- Exercise requirements -
Copy all records exactly; omit pictures.

Start of Block

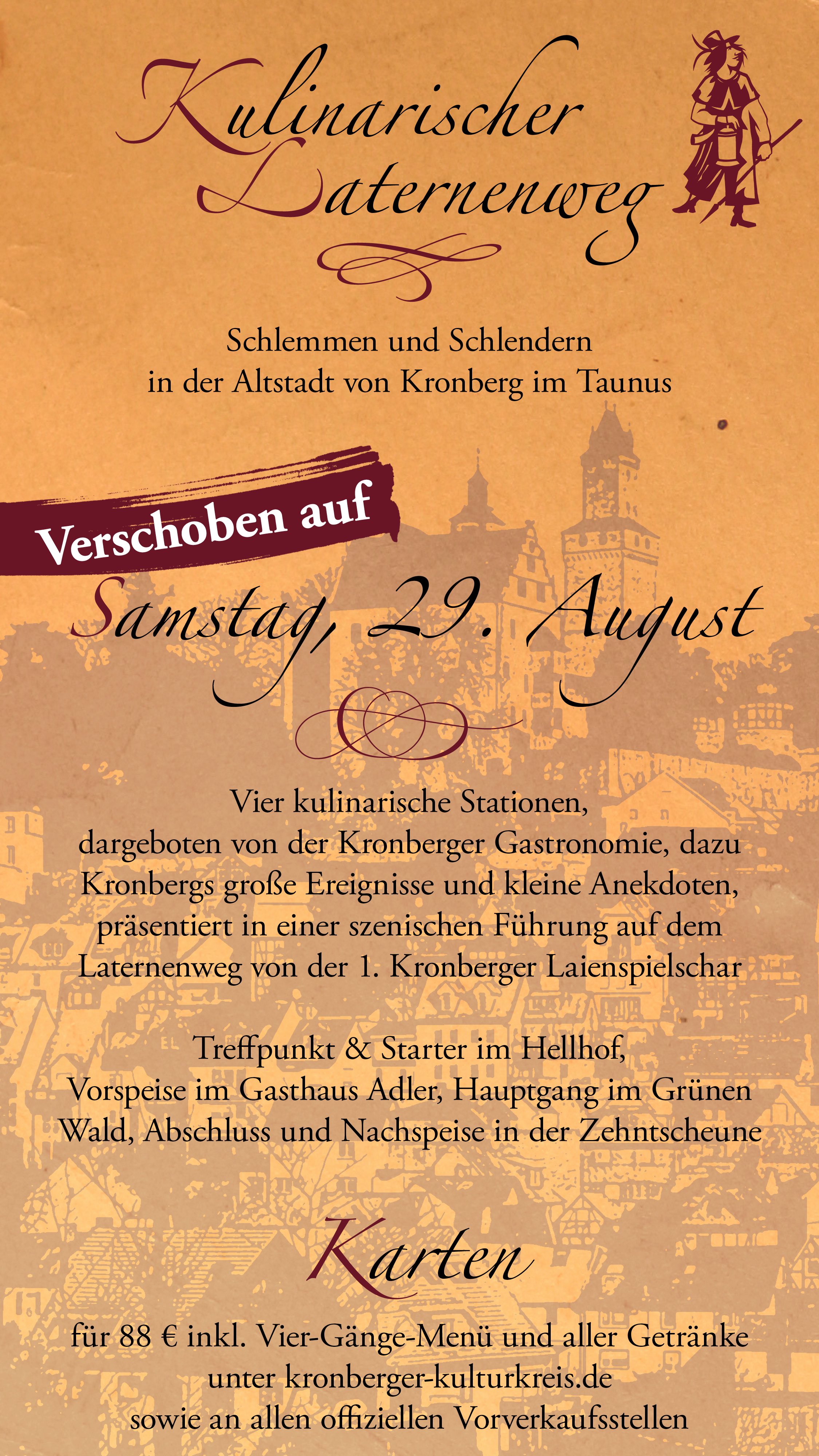 Die 1. Kronberger Laienspielschar lässt entlang des Kronberger Laternenweges Geschichte lebendig werden. Eine szenische Führung entführt Sie in die Zeit der raufenden Ritter und der streitenden Prälaten und begleitet Sie durch die Geschichte Kronbergs.
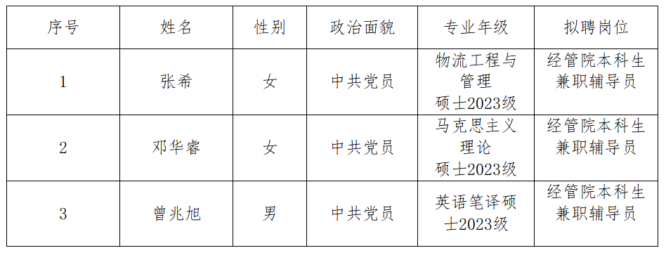 根據(jù)《經(jīng)濟(jì)管理學(xué)院關(guān)于公開招聘兼職輔導(dǎo)員的通知》要求,經(jīng)本人報名、資格審查、面試考核等程序,現(xiàn)將經(jīng)濟(jì)管理學(xué)院兼職輔導(dǎo)員擬聘用人員公示如下:
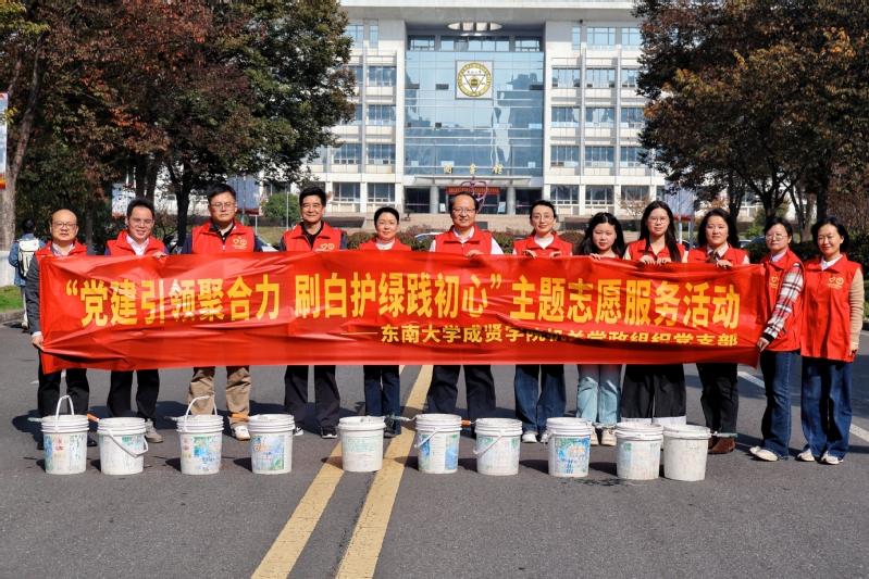 为增强校园树木防虫抗寒力,强化党员同志的责任意识和服务能力,提升党支部的凝聚力,11月14日上午,东南大学成贤学院机关党政组织党支部开展了“党建引领聚合力、刷白护绿践初心”主题志愿服务活动。学院党委书记张志胜同志以普通党员身份参加。
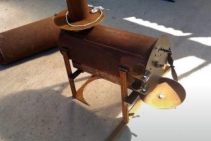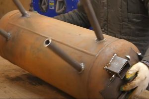 В нижнем баллоне, расположенном горизонтально (поз.1), разместилась камера предварительного горения древесины. Как видно, нижняя часть баллона с полусферическим дном осталась на месте, срезана верхняя часть с горловиной, и этот срезанный фрагмент будет использоваться для монтажа дверцы.
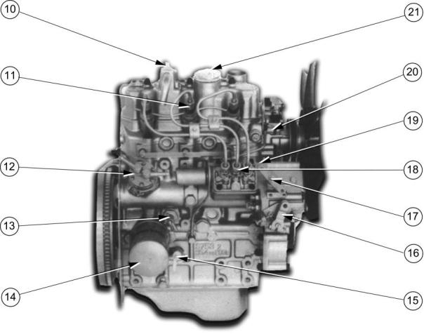 21 Filler cap for lubricating oil.

End of Block

- Problem solution -
 Die 1. Kronberger Laienspielschar lässt entlang des Kronberger Laternenweges Geschichte lebendig werden. Eine szenische Führung entführt Sie in die Zeit der raufenden Ritter und der streitenden Prälaten und begleitet Sie durch die Geschichte Kronbergs.
 根據(jù)《經(jīng)濟(jì)管理學(xué)院關(guān)于公開招聘兼職輔導(dǎo)員的通知》要求,經(jīng)本人報名、資格審查、面試考核等程序,現(xiàn)將經(jīng)濟(jì)管理學(xué)院兼職輔導(dǎo)員擬聘用人員公示如下:
 为增强校园树木防虫抗寒力,强化党员同志的责任意识和服务能力,提升党支部的凝聚力,11月14日上午,东南大学成贤学院机关党政组织党支部开展了“党建引领聚合力、刷白护绿践初心”主题志愿服务活动。学院党委书记张志胜同志以普通党员身份参加。
 В нижнем баллоне, расположенном горизонтально (поз.1), разместилась камера предварительного горения древесины. Как видно, нижняя часть баллона с полусферическим дном осталась на месте, срезана верхняя часть с горловиной, и этот срезанный фрагмент будет использоваться для монтажа дверцы.
 21 Filler cap for lubricating oil.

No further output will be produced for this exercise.